*THE PROBLEM*
In the entries that follow, repeat exactly the lines from the one that has "광주광역시(시장 강기정)는 지역" through the one that has "Pendentifs d'animaux en", but omit pictures.

*AVAILABLE RECORDS*
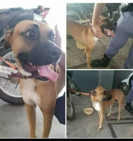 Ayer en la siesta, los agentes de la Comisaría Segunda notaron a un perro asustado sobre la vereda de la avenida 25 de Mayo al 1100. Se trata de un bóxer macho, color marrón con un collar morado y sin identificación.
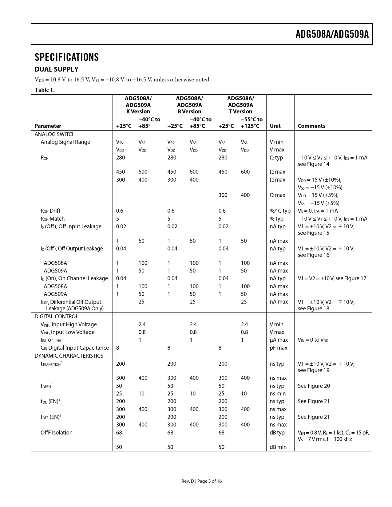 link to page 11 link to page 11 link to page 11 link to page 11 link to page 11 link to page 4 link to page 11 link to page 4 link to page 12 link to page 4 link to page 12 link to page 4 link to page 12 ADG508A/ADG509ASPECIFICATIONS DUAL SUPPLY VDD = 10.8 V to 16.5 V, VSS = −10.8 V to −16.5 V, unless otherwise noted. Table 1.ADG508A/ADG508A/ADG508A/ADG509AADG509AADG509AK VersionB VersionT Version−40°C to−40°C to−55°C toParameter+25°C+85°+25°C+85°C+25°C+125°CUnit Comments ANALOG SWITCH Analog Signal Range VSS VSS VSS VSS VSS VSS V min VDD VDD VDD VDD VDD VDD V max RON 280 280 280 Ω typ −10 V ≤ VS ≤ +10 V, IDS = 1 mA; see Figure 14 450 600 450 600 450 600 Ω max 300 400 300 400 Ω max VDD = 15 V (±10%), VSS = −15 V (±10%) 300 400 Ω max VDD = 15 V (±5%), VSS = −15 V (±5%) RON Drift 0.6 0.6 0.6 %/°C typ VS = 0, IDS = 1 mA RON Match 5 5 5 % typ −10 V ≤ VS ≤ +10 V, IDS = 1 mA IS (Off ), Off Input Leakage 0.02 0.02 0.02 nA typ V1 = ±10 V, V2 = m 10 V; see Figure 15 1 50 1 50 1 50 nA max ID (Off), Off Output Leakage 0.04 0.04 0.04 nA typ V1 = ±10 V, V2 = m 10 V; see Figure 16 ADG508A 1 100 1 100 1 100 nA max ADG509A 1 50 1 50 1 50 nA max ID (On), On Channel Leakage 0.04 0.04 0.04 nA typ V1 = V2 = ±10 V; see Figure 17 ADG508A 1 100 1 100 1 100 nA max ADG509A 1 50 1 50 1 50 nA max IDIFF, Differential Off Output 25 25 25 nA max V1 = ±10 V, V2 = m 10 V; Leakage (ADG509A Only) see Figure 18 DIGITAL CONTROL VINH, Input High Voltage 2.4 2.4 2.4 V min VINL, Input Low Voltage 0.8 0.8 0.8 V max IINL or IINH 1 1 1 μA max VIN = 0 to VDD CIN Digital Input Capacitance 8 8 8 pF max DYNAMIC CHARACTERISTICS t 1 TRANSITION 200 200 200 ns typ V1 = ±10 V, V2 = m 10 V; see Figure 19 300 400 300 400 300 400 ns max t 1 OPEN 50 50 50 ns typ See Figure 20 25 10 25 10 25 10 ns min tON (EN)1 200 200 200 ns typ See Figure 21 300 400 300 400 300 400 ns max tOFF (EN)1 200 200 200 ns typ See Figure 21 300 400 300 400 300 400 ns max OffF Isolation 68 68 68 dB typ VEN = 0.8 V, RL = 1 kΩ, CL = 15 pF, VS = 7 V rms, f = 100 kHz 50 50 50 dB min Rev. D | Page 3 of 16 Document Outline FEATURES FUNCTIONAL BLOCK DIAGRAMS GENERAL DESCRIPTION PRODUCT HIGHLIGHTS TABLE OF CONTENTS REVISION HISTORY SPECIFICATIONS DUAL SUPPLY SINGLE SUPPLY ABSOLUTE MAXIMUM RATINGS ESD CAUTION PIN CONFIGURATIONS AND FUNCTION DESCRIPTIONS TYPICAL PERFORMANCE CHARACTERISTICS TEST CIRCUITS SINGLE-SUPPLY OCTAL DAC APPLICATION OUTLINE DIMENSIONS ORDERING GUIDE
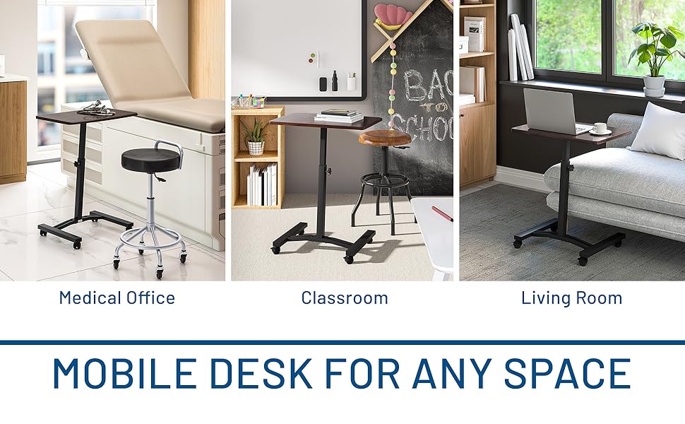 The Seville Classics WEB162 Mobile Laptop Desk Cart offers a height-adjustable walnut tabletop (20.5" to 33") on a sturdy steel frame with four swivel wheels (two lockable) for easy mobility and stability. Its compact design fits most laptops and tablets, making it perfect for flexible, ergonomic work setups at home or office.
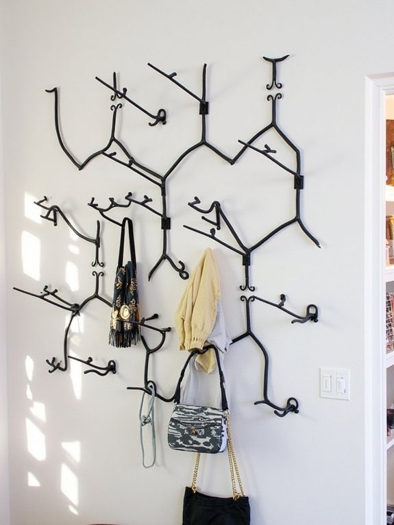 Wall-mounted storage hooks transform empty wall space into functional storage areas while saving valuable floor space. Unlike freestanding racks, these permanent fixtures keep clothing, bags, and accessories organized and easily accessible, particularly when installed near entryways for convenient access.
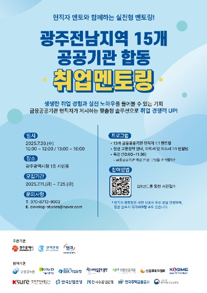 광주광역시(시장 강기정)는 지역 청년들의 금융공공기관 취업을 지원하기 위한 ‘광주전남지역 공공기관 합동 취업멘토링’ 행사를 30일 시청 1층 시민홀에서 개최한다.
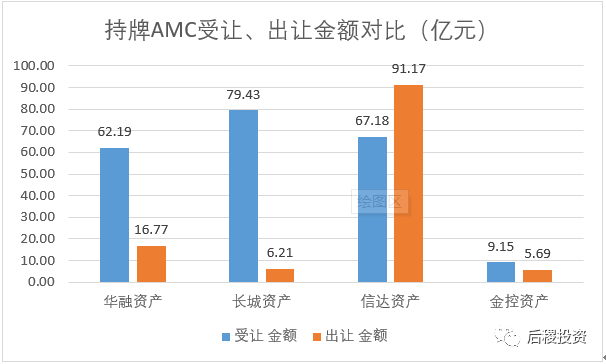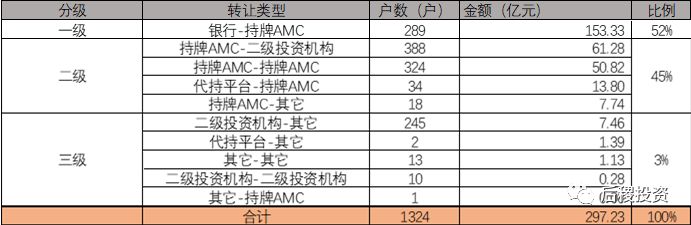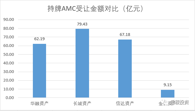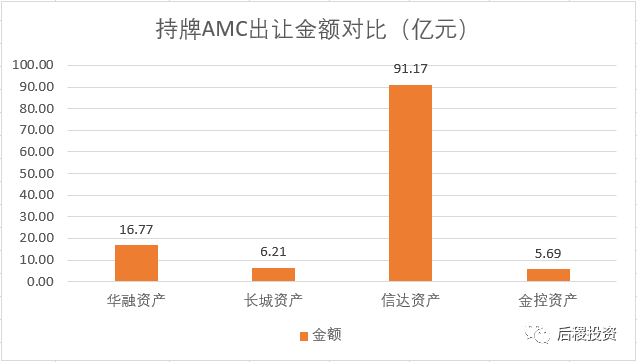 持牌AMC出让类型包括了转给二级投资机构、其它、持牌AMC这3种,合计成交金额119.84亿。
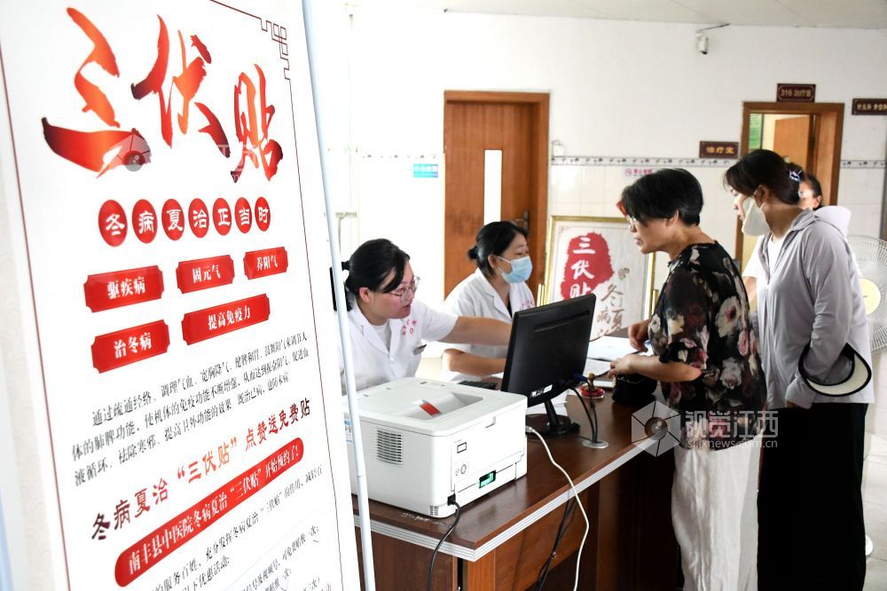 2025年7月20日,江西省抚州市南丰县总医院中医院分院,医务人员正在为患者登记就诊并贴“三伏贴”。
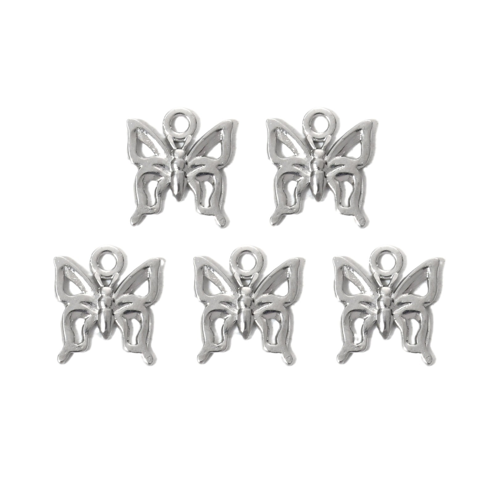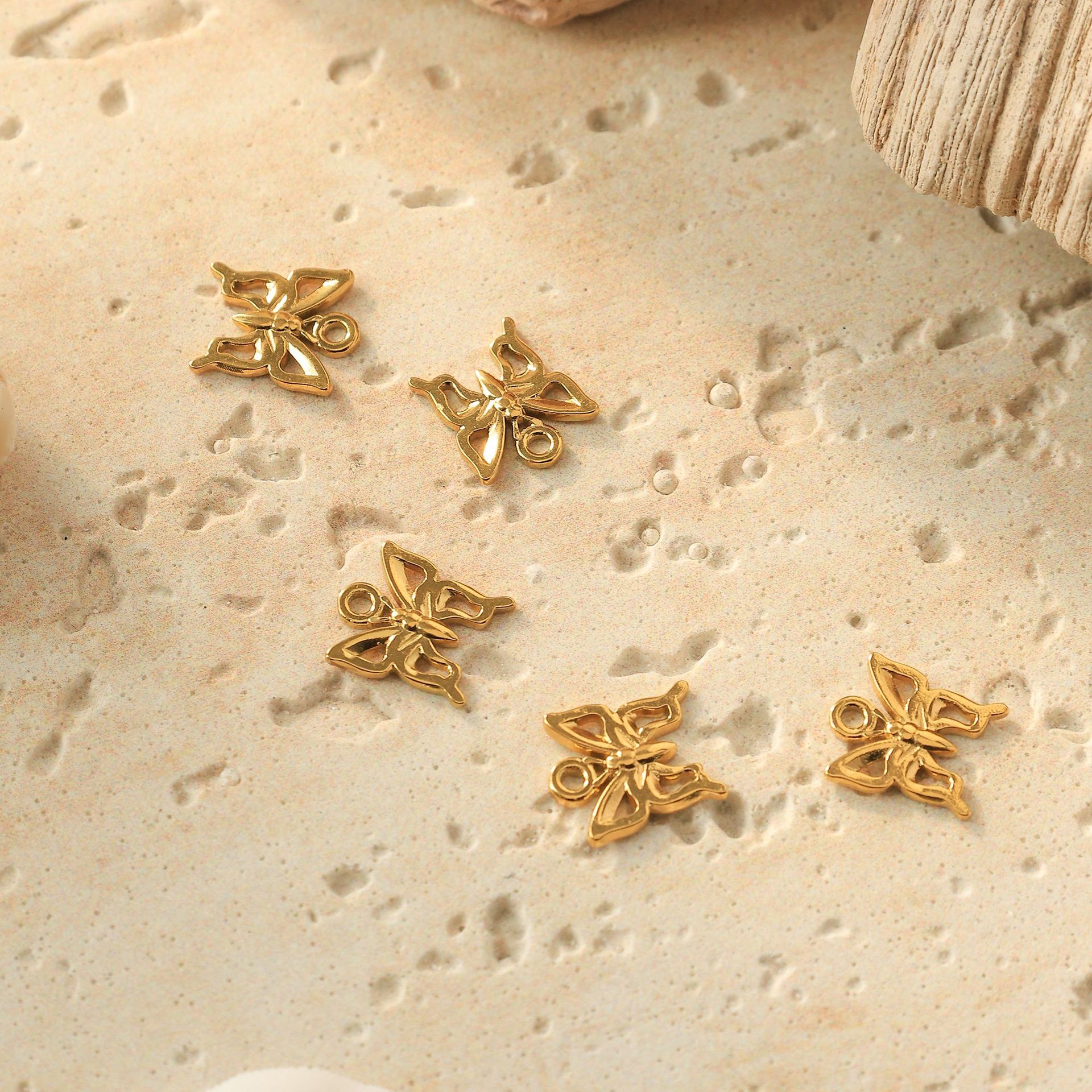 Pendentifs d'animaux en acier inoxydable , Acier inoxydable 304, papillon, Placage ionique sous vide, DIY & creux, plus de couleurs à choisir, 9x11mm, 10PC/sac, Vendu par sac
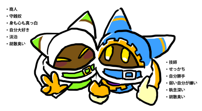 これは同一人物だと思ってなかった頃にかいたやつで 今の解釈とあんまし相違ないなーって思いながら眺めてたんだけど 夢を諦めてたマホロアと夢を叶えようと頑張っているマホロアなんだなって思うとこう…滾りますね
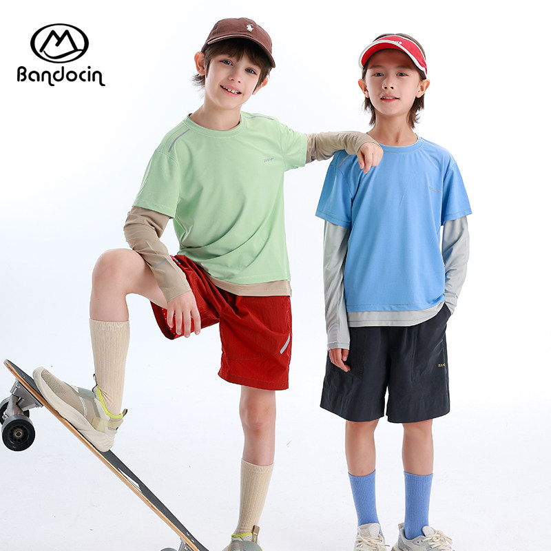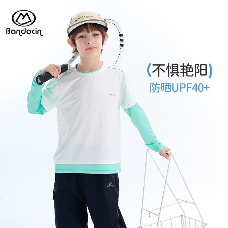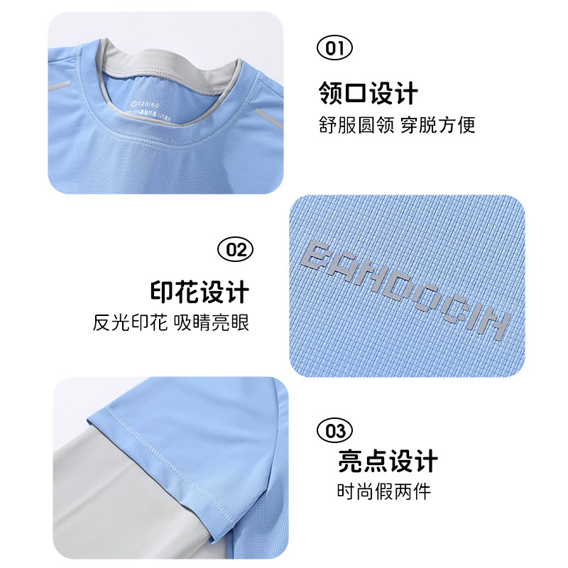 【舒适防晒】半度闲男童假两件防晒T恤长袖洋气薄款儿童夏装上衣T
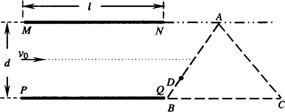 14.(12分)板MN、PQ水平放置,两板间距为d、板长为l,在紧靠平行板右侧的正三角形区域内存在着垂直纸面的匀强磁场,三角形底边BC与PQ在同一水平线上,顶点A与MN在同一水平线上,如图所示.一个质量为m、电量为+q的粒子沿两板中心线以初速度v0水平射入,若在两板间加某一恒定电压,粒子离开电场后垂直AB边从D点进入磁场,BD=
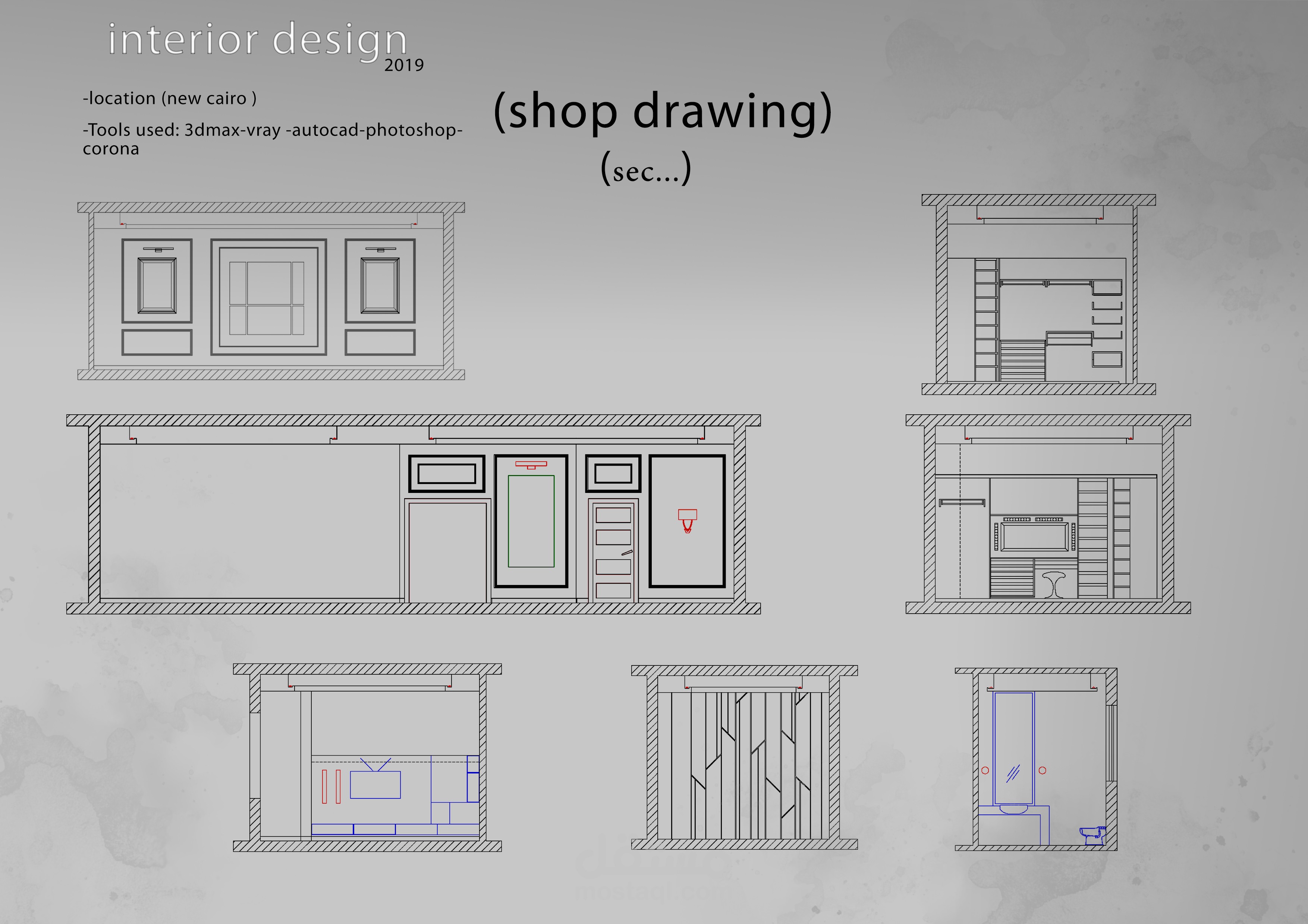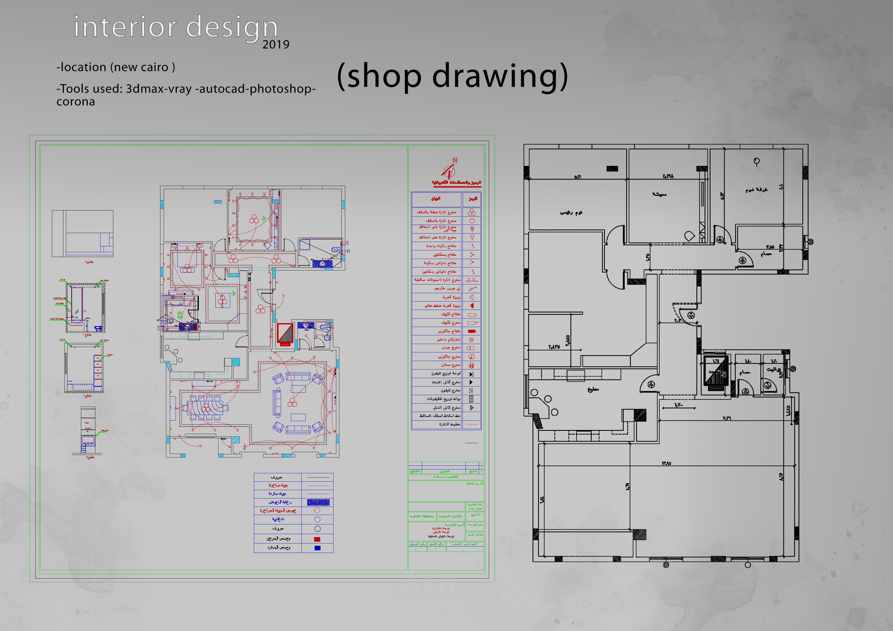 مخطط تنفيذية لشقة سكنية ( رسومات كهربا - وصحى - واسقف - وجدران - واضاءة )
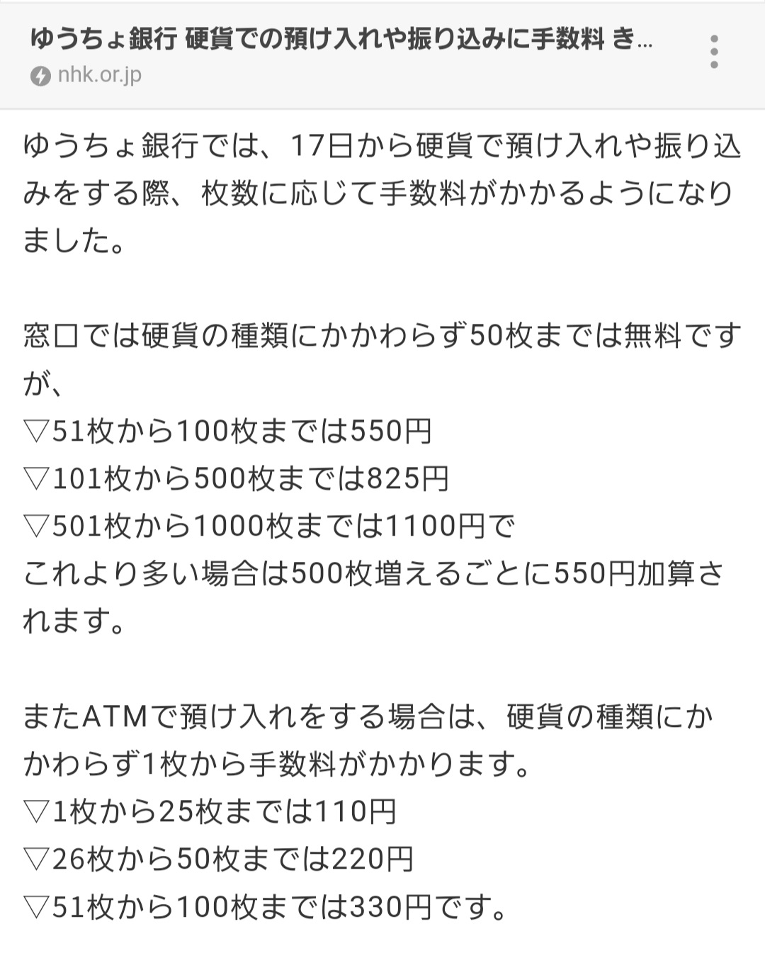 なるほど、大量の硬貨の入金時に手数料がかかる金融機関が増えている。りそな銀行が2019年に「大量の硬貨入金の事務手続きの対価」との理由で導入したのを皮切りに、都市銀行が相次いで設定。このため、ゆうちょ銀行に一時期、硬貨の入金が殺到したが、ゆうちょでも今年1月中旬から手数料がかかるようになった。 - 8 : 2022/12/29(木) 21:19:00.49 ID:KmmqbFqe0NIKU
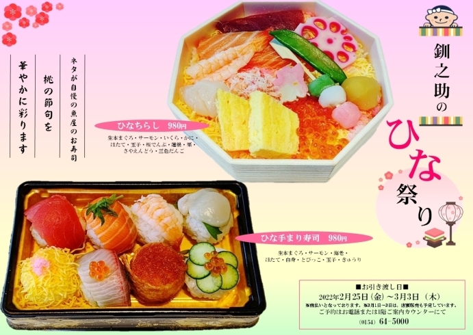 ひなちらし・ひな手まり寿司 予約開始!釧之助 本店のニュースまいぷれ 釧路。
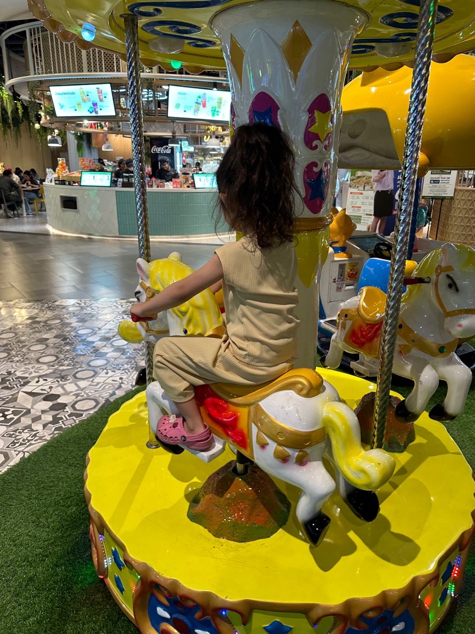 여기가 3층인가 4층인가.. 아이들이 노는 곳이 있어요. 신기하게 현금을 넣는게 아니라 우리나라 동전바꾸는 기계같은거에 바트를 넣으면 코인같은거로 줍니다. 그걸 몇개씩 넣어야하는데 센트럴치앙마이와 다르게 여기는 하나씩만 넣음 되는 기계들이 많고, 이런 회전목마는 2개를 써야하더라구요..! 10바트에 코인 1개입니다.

*RESPONSE TO THE TASK*
 광주광역시(시장 강기정)는 지역 청년들의 금융공공기관 취업을 지원하기 위한 ‘광주전남지역 공공기관 합동 취업멘토링’ 행사를 30일 시청 1층 시민홀에서 개최한다.
 持牌AMC出让类型包括了转给二级投资机构、其它、持牌AMC这3种,合计成交金额119.84亿。
 2025年7月20日,江西省抚州市南丰县总医院中医院分院,医务人员正在为患者登记就诊并贴“三伏贴”。
 Pendentifs d'animaux en acier inoxydable , Acier inoxydable 304, papillon, Placage ionique sous vide, DIY & creux, plus de couleurs à choisir, 9x11mm, 10PC/sac, Vendu par sac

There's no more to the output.